── Task input ──

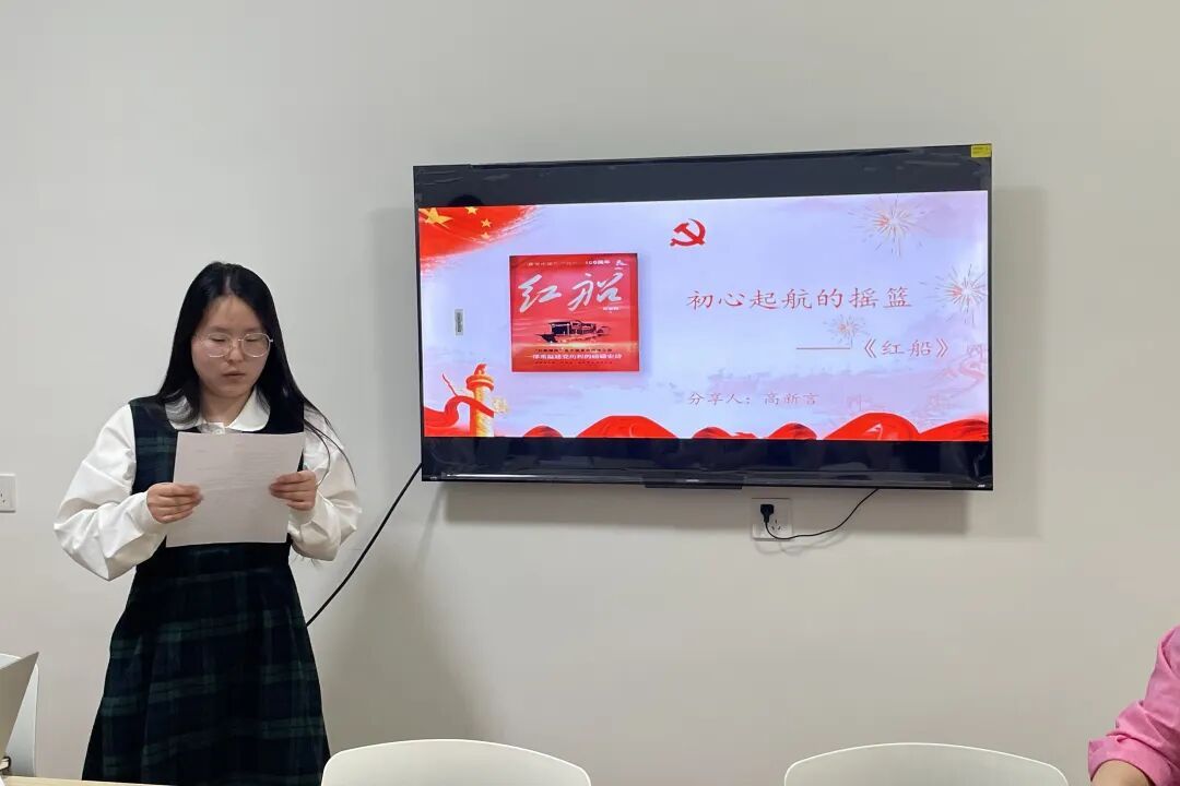 高新言同志立足“初心起航的摇篮”的视角,详细介绍了深入《红船》一书。她从中共一大的历史细节切入,深入解读“红船精神”的深刻内涵,她讲到:“红船是中国革命的起点,我们要牢记‘开天辟地、敢为人先’的首创精神,在学习和生活中勇挑重担、敢闯敢试。”
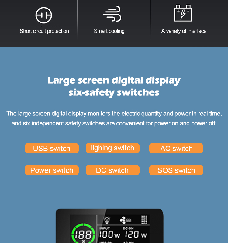 | AC output: | 110V±10%/60HZ; 230V±10%/50HZ | Battery Type: | Li-ion, lead acid, LiFePO4 |
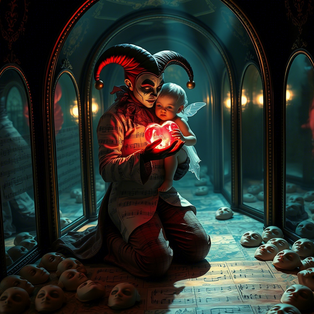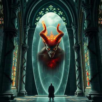 At 78 bpm, the song opens with eerie prepared piano clusters and sparse frame drum hits, joined by haunting nyckelharpa melodies evoking Slavic ritual, Timpani rumble subtly beneath, setting a dark ceremonial pulse, Tuvan throat singing weaves through each section, deepening the mirror dimension atmosphere, The Male Baritone narrates, with the Hero and Friend Hero voices interlocking in harmonic, folk-inspired chants; the Demon Voice cuts in, enveloped in layered low drones and spectral effects, intensifying the ominous neoclassical darkwave texture
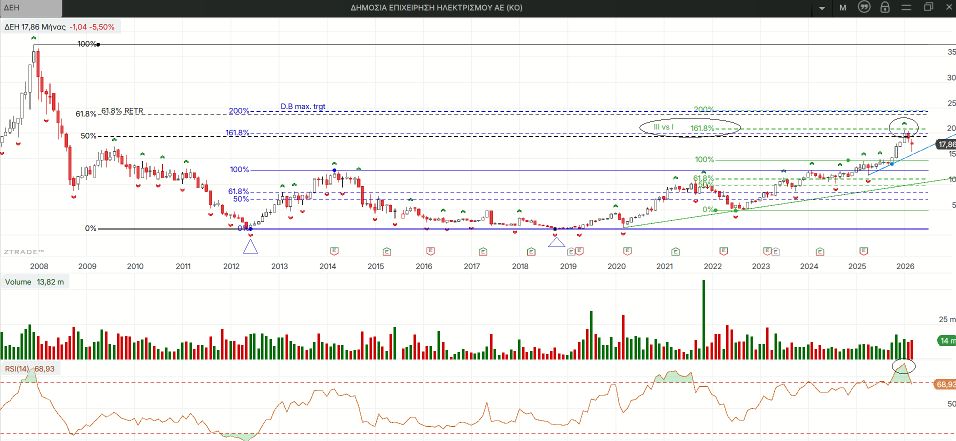 Σε συνέχεια των πολύ ενδιαφερουσών κυματικών εκτιμήσεων που ανέβηκαν εδώ κι εδώ στην προηγούμενη ανάρτηση για τη ΔΕΗ θα ρίξουμε μια ματιά στη μεγάλη εικόνα που παραμένει ανοδική με τις τιμές να διορθώνουν αφού έφθασαν βαθιά στην υπεραγορασμένη ζώνη του μηνιαίου κι εβδομαδιαίου RSI, και σε πιθανά σημαντικά επίπεδα fibo επέκταση ανοδικών κυμάτων με μακροπρόθεσμους στόχους ανοδικούς να εκκρεμούν.
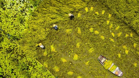 | Vue aérienne d’une rizière en train d’être moissonnée. |

───

What is expected: Using the records above, reproduce exactly the lines from the line containing "Σε συνέχεια των" through the last line, with both ends kept and no pictures.

Written response:
 Σε συνέχεια των πολύ ενδιαφερουσών κυματικών εκτιμήσεων που ανέβηκαν εδώ κι εδώ στην προηγούμενη ανάρτηση για τη ΔΕΗ θα ρίξουμε μια ματιά στη μεγάλη εικόνα που παραμένει ανοδική με τις τιμές να διορθώνουν αφού έφθασαν βαθιά στην υπεραγορασμένη ζώνη του μηνιαίου κι εβδομαδιαίου RSI, και σε πιθανά σημαντικά επίπεδα fibo επέκταση ανοδικών κυμάτων με μακροπρόθεσμους στόχους ανοδικούς να εκκρεμούν.
 | Vue aérienne d’une rizière en train d’être moissonnée. |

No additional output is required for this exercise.